Description/Responsibilities
Our Senior Data Science & ML Ops Engineer is a hands-on role focused on partnering with business leaders and technology teams to design, test, and deploy actionable machine learning solutions that drive measurable business outcomes. This role bridges data science, engineering, and operations—owning the full lifecycle from hypothesis and experimentation through production deployment and operationalization.
This position is centered on applied machine learning, using proven, off-the-shelf algorithms and scalable AWS services to rapidly validate ideas, embed models into business workflows, and ensure they are reliably running in production.

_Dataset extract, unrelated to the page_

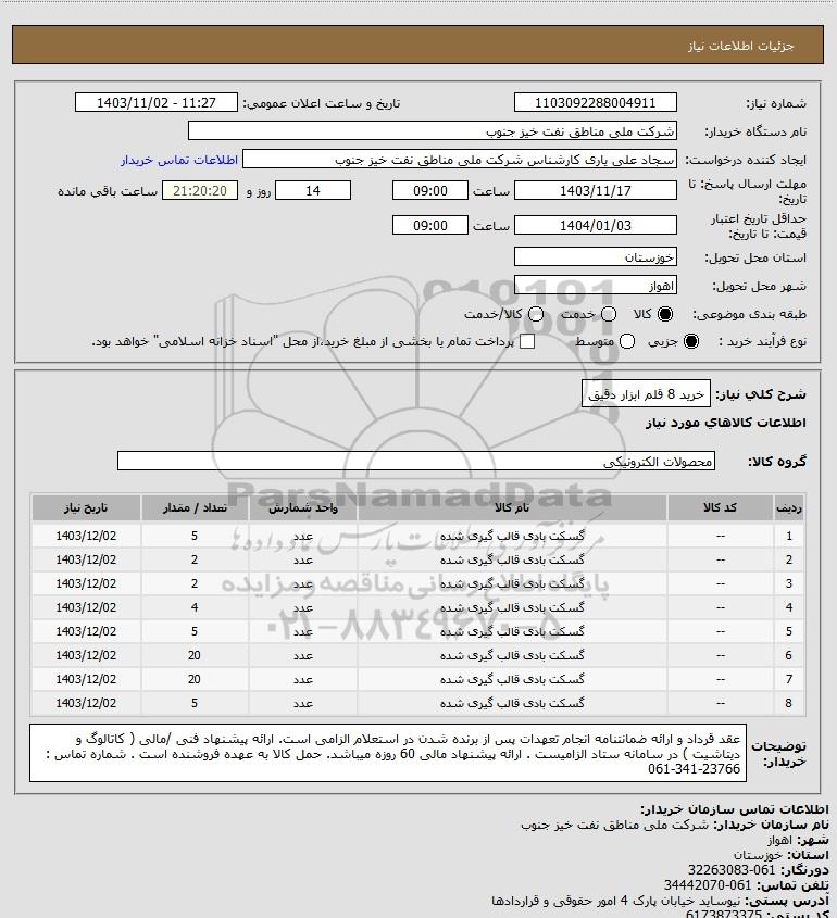 شرح کلی نیاز: خرید 8 قلم ابزار دقیق

Business-Driven Experimentation & Model Ownership
- Partner directly with business stakeholders to identify opportunities where data and machine learning can improve decisions, efficiency, or outcomes
- Design experiments and hypotheses that can be validated quickly using available data and pragmatic modeling approaches
- Select and apply out-of-the-box machine learning algorithms (e.g., classification, regression, forecasting, clustering, optimization)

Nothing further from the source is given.